The Problems with Machine Learning

I often use the [define:] search operator to find the meaning and spelling of words. It is incredibly convenient with the Chrome Web browser: you must type a search query into the address bar. This has been useful and empowered me to expand my vocabulary.

Up until recently, these search results were citing a variety of different sources. The medical and legal definitions that sometimes crowded, and the search results were seldom helpful to me. Still, this diversity was almost always beneficial when I needed to understand the less common uses of words.

Example of the new search result format for searches using the [define:] operator.

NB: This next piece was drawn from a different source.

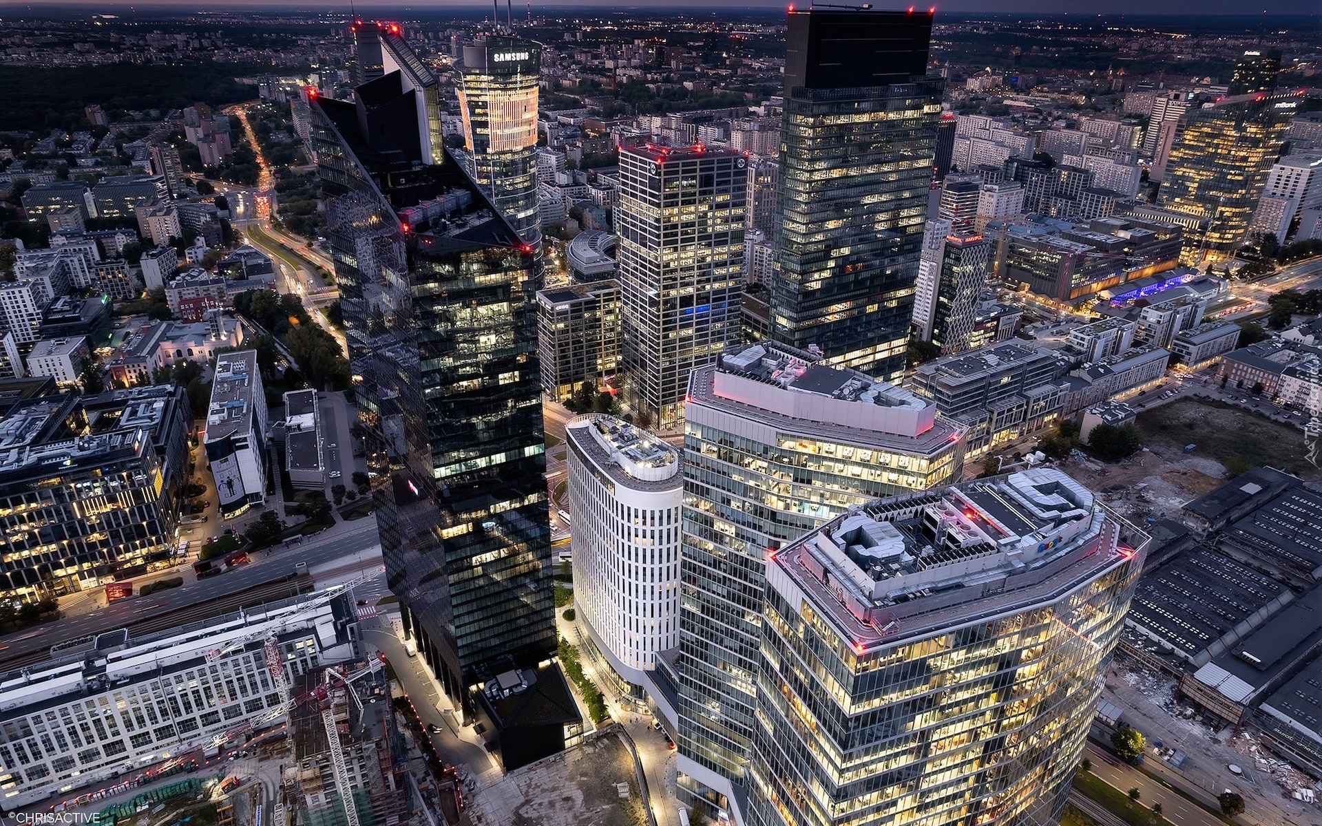 Edytor tapety: Centrum Warszawy z lotu ptaka

This experience recently changed, and the following improvements were made to the [define:] search results:

The citations for definitions were removed.
The etymology of words was added.
The translation of words became an available option.
The usage of words is now being graphed over time.
And a few more minor things were changed or added…

Article Marketing These changes were motivated by a desire to improve the user’s search experience. Although some new uses were added, one method was taken away: the ability to check multiple sources within these results. This change seems benign, but how Google removed this feature and still managed to “improve the search experience” is a point of interest.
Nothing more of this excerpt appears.